Sign VQ Transformer

August 18, 2025 · View on GitHub

Overview

This repository contains the code for the paper "A data-driven representation for sign language production". The first step creates a spatial-temporal codebook using a VQ transformer. Learning a set of small motions that can be combined to create the full sign language sequence. Then, in the second step, it is used to perform translation on a dataset, from text to a set of these codebook tokens. To evaluate the performance, back translation alongside a range of other metrics is used.

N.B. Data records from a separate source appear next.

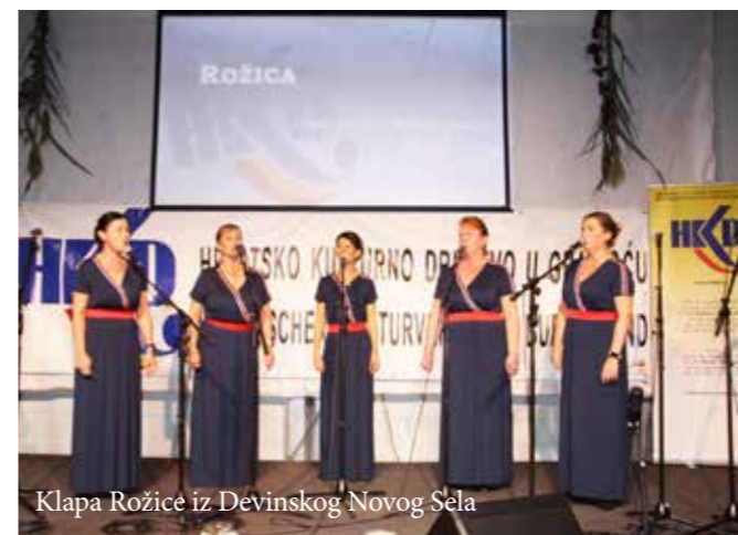
Klapa Rožice iz Devinskog Novog Sela
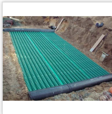
Gruntowy wymiennik ciepła GEOSTRONG – na zewnątrz domu
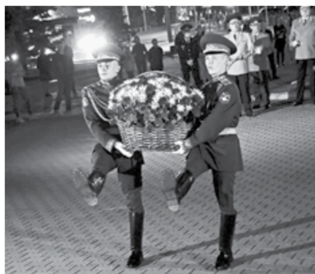
Мемориальным шагом марш!
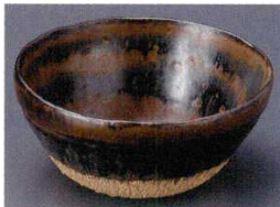
037-03-7Y3 1,900円 2178314020 美濃焼紺窯変ホー (15×14.5×6.5H) 1入
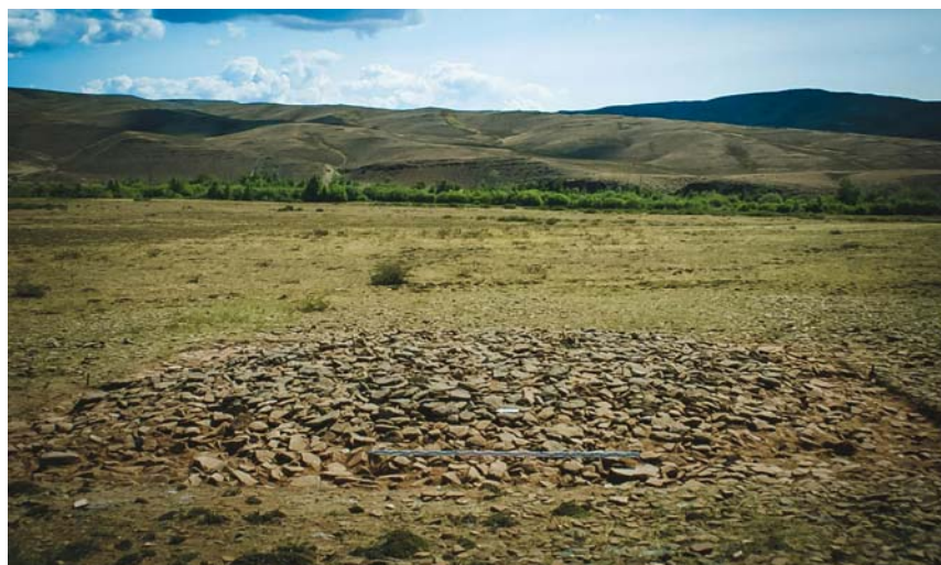
Рис. 1 (фото). Могильник Ак-Даг I, курган 1, горизонт I, вид с запада
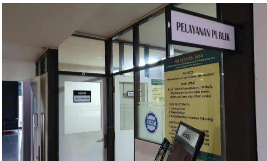
Ruang Pelayanan Publik BBPSI Biogen
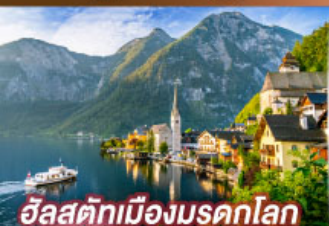
อิลสติกเมืองมรดกโลก
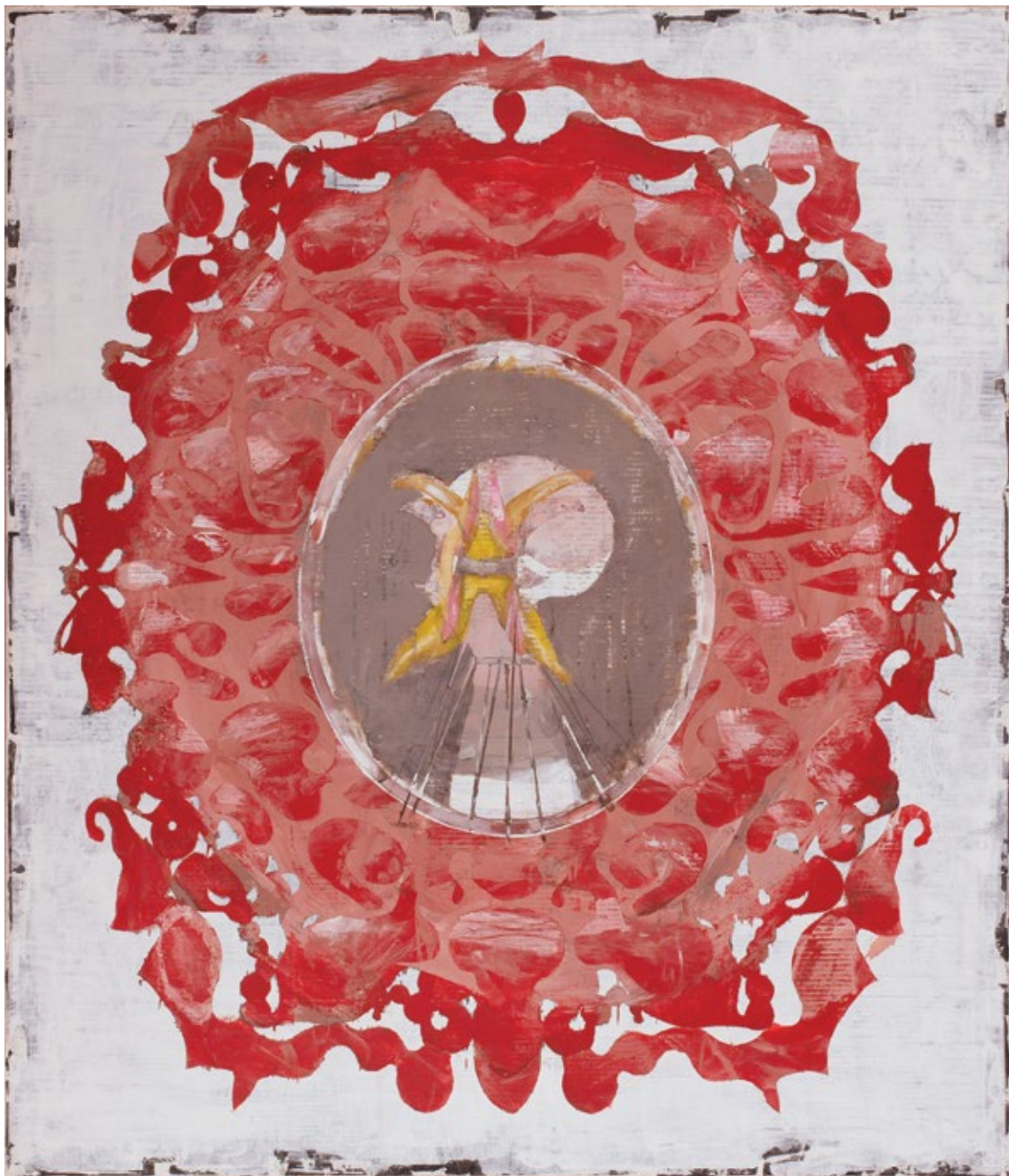
Камеја у пламену – Портрет без лица / Cameo Burst – Contortionist 2010, акрилна боја на платну / acrylic paint on canvas, 140 x 120 cm
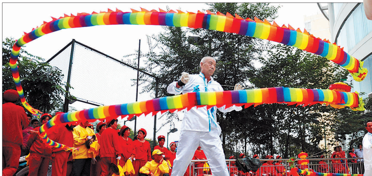
令人眼花缭乱的抖空竹表演
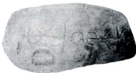
Figura de la Penya de l'Albarda.

Amb l'objectiu de contextualitzar la troballa, caldria reparar en primer lloc en l'ídol oculat pintat a les Penyes de Sant Esperit 24 , en què apreciem un eix vertical amb cinc traços horitzontals. Unes altres referències properes les trobem en la creu de dos braços de les Coves del Sargal a Viver 25 i també en la denominada Peña de la Albarda del Barranco Cardoso a la localitat d'Almohaja, província de Teròl 26 . La creu, com a símbol primitiu ens remet a l'arbre, a la fertilitat de la terra, i el cristianisme l'adoptà a partir del segle IV com a signe d'identificació i redempció. En aquest sentit hem de
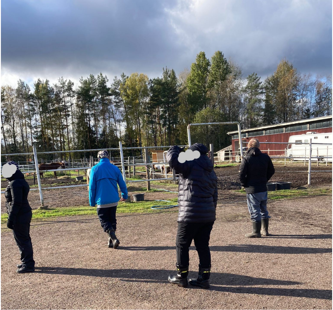
Kuva 2. Ryhmä jalkautuu talliympäristöön, kokeilujakson ensimmäinen kerta.

Opiskelija kertoi, että suunnitelmana ryhmäkerroille on, että aamupäivällä ennen ruokataukoa ajatus oli siivota talliympäristöä, ja loppupäivästä keskitytään hevosten hoitamiseen ja käsittelyyn. Tämä sopi kaikille. Ensimmäisellä ryhmäkerralla aamupäivän toiminnallisessa osuudessa kuivitimme tuntihevosten puhdistettuja karsinoita sekä tyhjensimme yhden likaisen karsinan tyhjäksi. Käytännössä tämä tarkoitti sitä, että kaksi henkilöä haki tallin ulkopuolelta turvekasasta puhdasta turvetta kottikärryihin ja tyhjensi kottikärryt hevosten karsinoihin. Yksi henkilö levitti turpeet karsinoihin ja yksi henkilö auttoi turvekasalla kottikärryjen täyttämässä. Kaksi henkilöä tyhjensi likaista karsinaa talikoilla kottikärryihin ja lantalaan.

The code is structured to allow for easy training and testing of the VQ model and the translation model. It uses PyTorch Lightning for training and evaluation, and it is designed to be modular, allowing for easy extension and modification.

For the demo page and a further explanation on the code, please see the following repository GitHub Repository.

Codebook visualization of the VQ model

RWTH-PHOENIX-Weather-2014T

Installation

Requirements

# Create and activate a new conda environment (recommended)
conda create --name signVQ python=3.8
conda activate signVQ

# Install PyTorch with CUDA support
# Please change PyTorch CUDA version to match your system!
conda install pytorch==2.4.0 torchvision==0.19.0 torchaudio==2.4.0 pytorch-cuda=11.8 -c pytorch -c nvidia

# Install other dependencies
pip install -r ./requirements.txt

Running the code

Step 1: VQ model

Train:

python __main__.py train vq ./config/codebook/codebook_config.yaml

Test:

python __main__.py test vq ./models/vq_models/phix_codebook/config.yaml

Step 2: Translation model

Train:

python __main__.py train translate ./config/translation/translation_config.yaml

Test:

python __main__.py test translate ./models/translation_models/phix_translation/config.yaml

Arguments

ArgumentDescriptionDefault
modetrain or testRequired
typevq or translateRequired
config_pathDirectory containing the pretrained back translation modelRequired

Data Format

Inside the provided .pt files, you will find a dictionary with the following structure: The data files should be placed inside the directory ./data (data_path specified in the config file.) as three separate files named dev.pt, test.pt and train.pt.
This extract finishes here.